(Beginning of Material for this exercise)

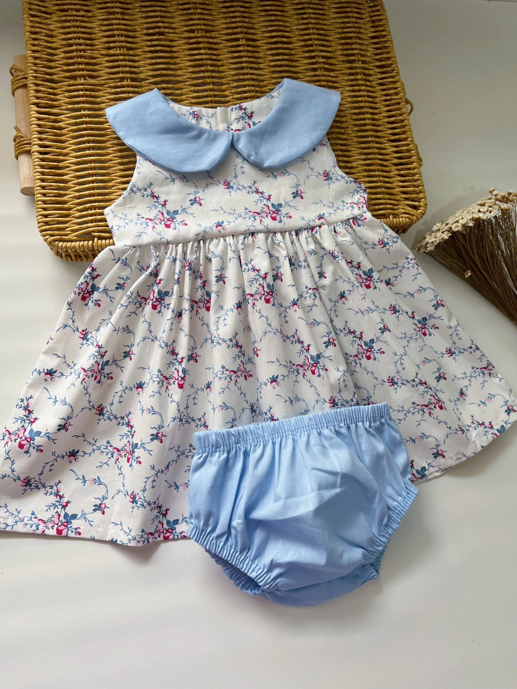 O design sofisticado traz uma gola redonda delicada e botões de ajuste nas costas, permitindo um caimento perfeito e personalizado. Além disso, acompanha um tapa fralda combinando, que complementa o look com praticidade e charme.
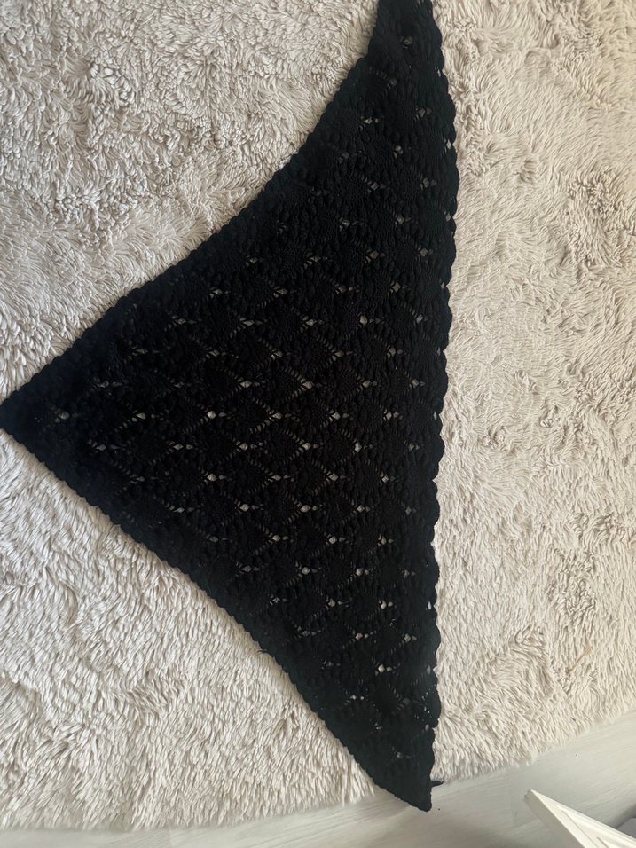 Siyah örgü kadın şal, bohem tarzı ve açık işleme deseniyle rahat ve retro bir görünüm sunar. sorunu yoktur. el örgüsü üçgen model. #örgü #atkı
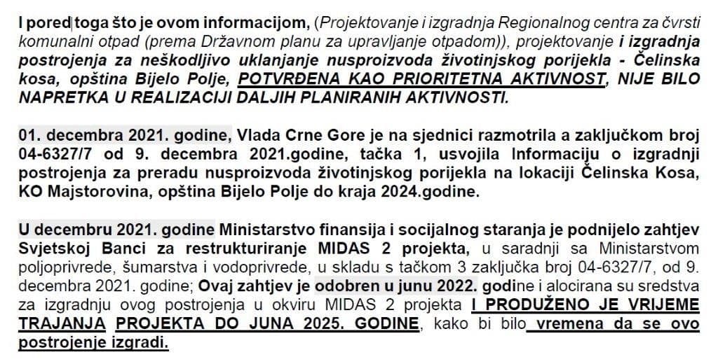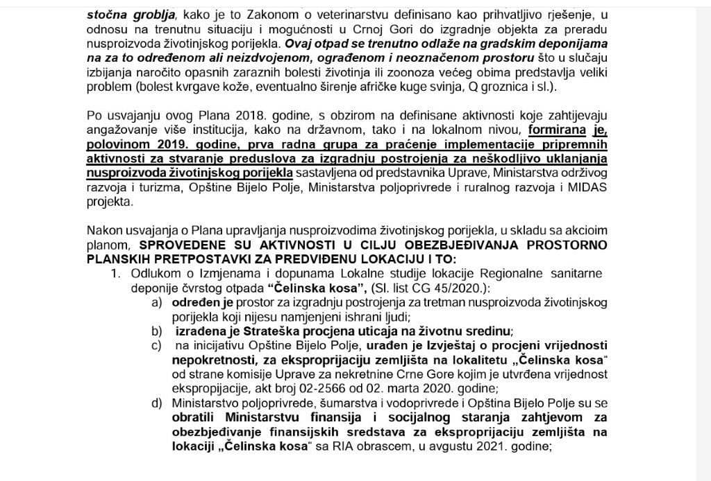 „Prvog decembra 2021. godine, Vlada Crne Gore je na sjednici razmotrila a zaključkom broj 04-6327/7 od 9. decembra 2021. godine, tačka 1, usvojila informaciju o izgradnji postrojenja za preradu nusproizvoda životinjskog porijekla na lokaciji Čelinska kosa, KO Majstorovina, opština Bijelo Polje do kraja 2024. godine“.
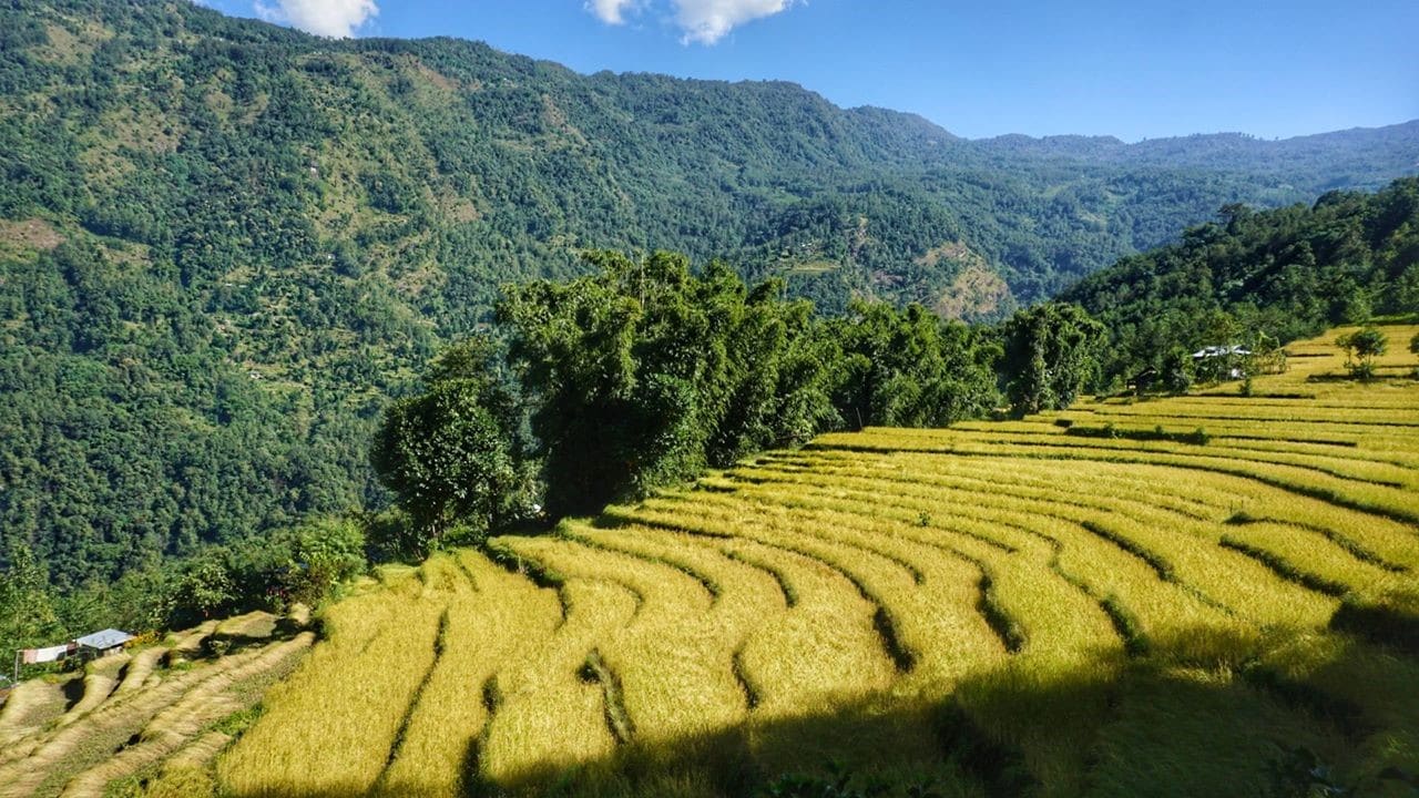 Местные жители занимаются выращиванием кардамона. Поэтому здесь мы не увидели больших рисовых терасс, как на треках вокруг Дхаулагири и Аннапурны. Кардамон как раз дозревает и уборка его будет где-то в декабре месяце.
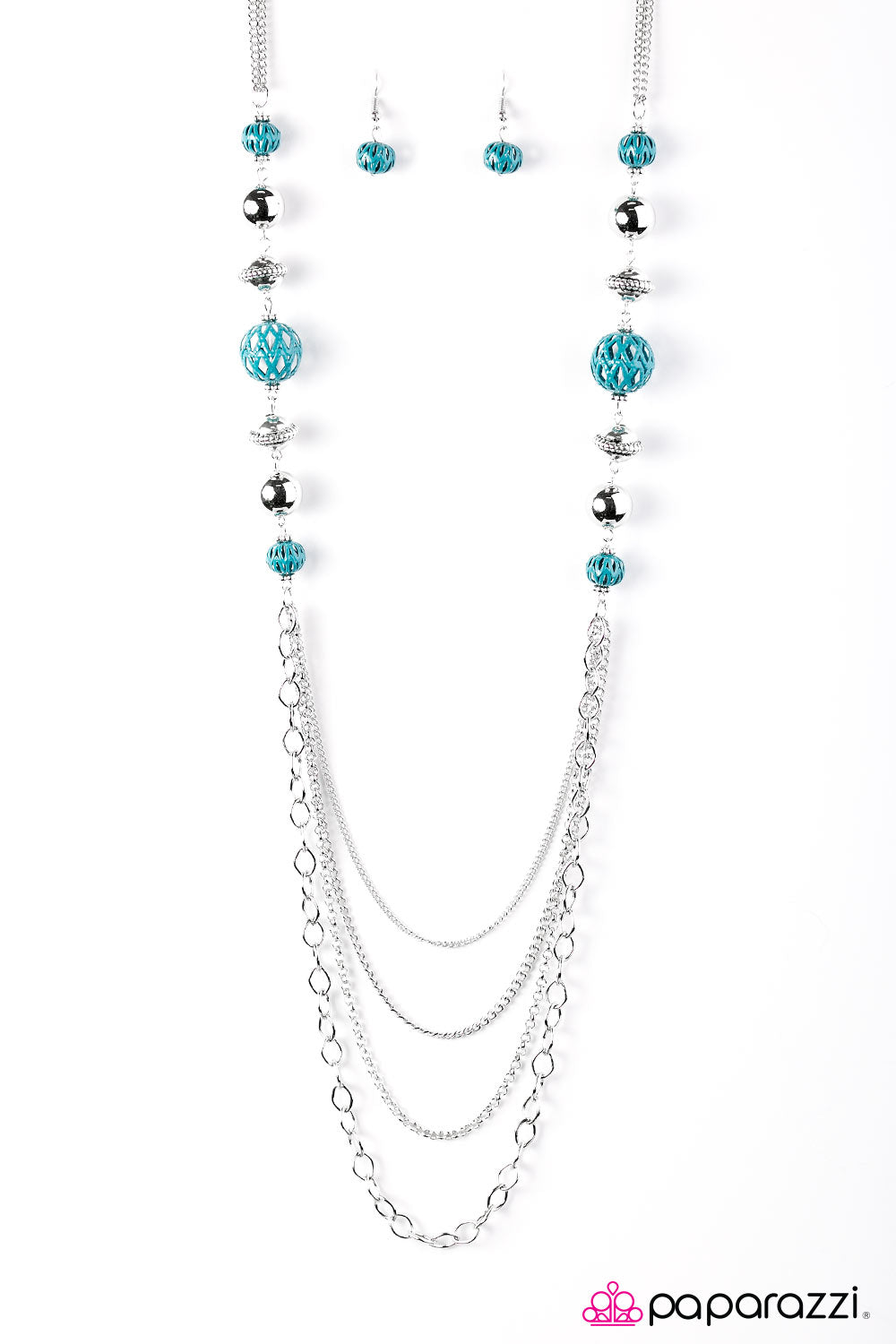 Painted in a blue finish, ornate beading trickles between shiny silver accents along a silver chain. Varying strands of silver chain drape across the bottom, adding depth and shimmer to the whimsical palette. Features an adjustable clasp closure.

(End of Material for this exercise)
(Beginning of Material for this exercise)

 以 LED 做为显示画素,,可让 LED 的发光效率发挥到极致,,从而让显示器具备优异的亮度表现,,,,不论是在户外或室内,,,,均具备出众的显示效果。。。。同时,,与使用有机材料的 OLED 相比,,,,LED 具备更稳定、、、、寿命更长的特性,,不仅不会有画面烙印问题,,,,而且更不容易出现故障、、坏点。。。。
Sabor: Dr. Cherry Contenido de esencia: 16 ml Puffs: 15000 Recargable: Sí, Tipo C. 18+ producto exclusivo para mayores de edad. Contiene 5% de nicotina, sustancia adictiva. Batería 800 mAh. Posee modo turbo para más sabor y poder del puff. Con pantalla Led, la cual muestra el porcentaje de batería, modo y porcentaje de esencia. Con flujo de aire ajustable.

(End of Material for this exercise)
(Beginning of Material for this exercise)

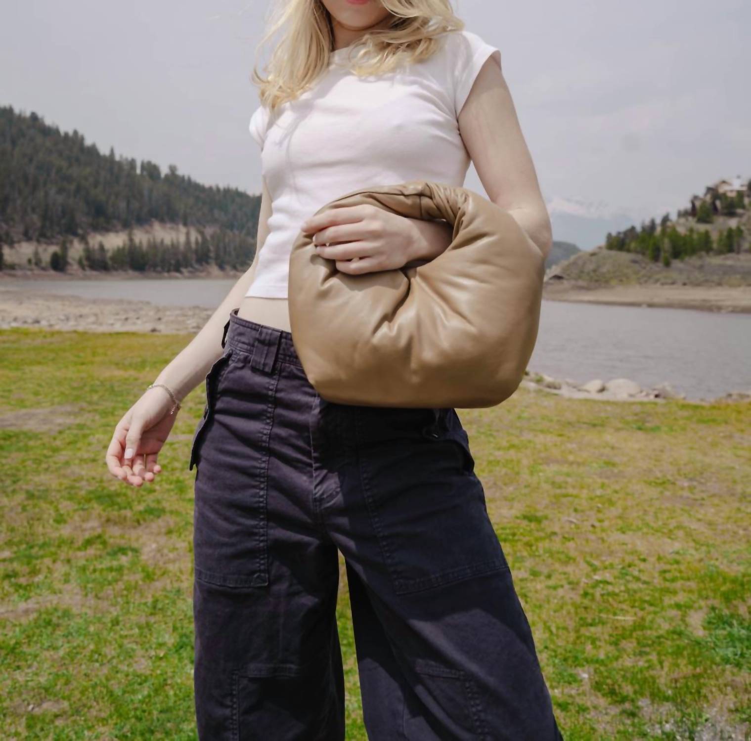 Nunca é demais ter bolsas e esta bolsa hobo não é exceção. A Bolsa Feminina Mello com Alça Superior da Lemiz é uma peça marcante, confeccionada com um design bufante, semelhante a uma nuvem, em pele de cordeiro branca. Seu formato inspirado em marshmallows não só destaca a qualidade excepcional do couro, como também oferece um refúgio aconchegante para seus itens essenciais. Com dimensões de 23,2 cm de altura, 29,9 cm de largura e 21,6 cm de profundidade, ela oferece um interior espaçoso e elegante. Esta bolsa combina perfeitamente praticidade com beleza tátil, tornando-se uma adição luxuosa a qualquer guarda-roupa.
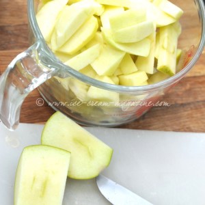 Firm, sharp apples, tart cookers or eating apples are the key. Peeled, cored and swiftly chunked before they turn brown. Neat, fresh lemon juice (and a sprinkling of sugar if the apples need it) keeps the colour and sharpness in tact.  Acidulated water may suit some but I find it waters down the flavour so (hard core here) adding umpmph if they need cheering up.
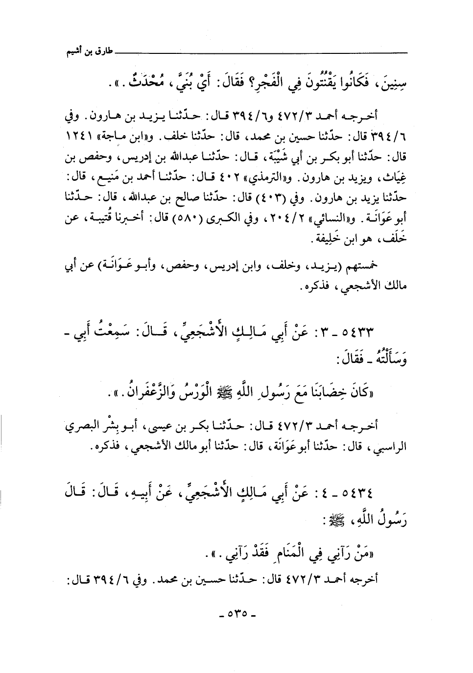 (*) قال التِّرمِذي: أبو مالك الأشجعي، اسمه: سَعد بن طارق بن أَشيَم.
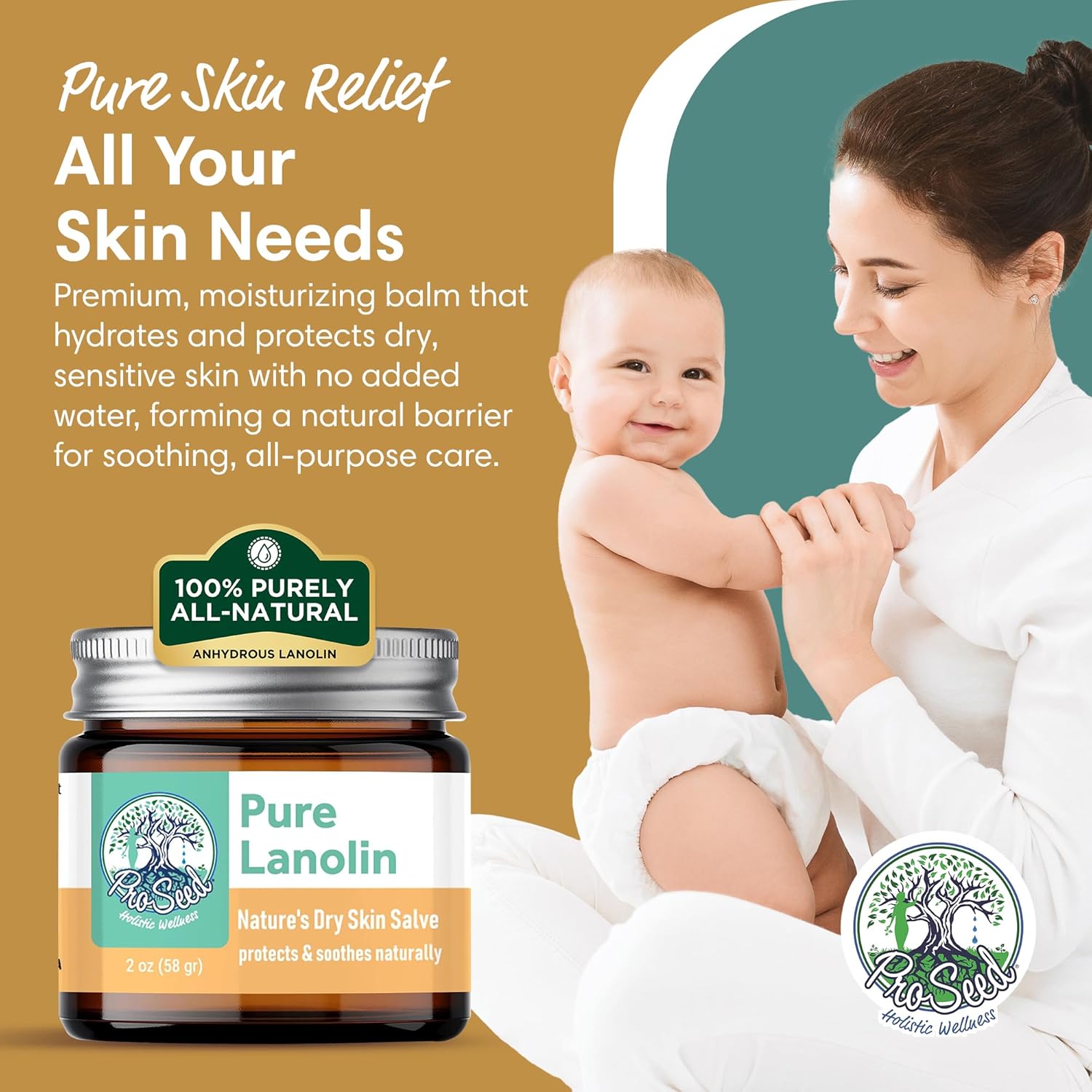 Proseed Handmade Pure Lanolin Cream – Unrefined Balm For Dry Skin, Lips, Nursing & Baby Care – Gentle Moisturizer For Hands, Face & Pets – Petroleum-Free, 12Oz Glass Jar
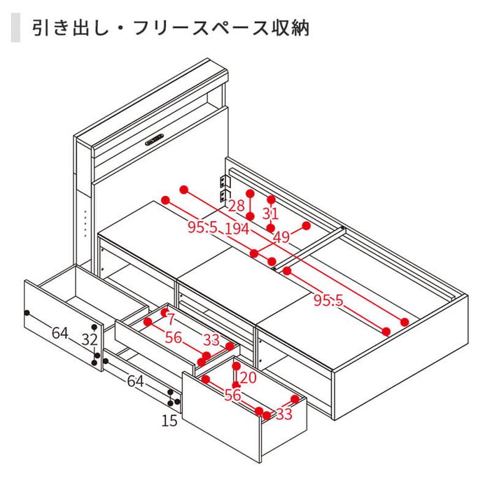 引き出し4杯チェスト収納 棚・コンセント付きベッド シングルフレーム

(End of Material for this exercise)

Every line above from the one with "O design sofisticado" down to the one with "Painted in a" must be written out exactly, and no picture may appear.

Task result:
 O design sofisticado traz uma gola redonda delicada e botões de ajuste nas costas, permitindo um caimento perfeito e personalizado. Além disso, acompanha um tapa fralda combinando, que complementa o look com praticidade e charme.
 Siyah örgü kadın şal, bohem tarzı ve açık işleme deseniyle rahat ve retro bir görünüm sunar. sorunu yoktur. el örgüsü üçgen model. #örgü #atkı
 „Prvog decembra 2021. godine, Vlada Crne Gore je na sjednici razmotrila a zaključkom broj 04-6327/7 od 9. decembra 2021. godine, tačka 1, usvojila informaciju o izgradnji postrojenja za preradu nusproizvoda životinjskog porijekla na lokaciji Čelinska kosa, KO Majstorovina, opština Bijelo Polje do kraja 2024. godine“.
 Местные жители занимаются выращиванием кардамона. Поэтому здесь мы не увидели больших рисовых терасс, как на треках вокруг Дхаулагири и Аннапурны. Кардамон как раз дозревает и уборка его будет где-то в декабре месяце.
 Painted in a blue finish, ornate beading trickles between shiny silver accents along a silver chain. Varying strands of silver chain drape across the bottom, adding depth and shimmer to the whimsical palette. Features an adjustable clasp closure.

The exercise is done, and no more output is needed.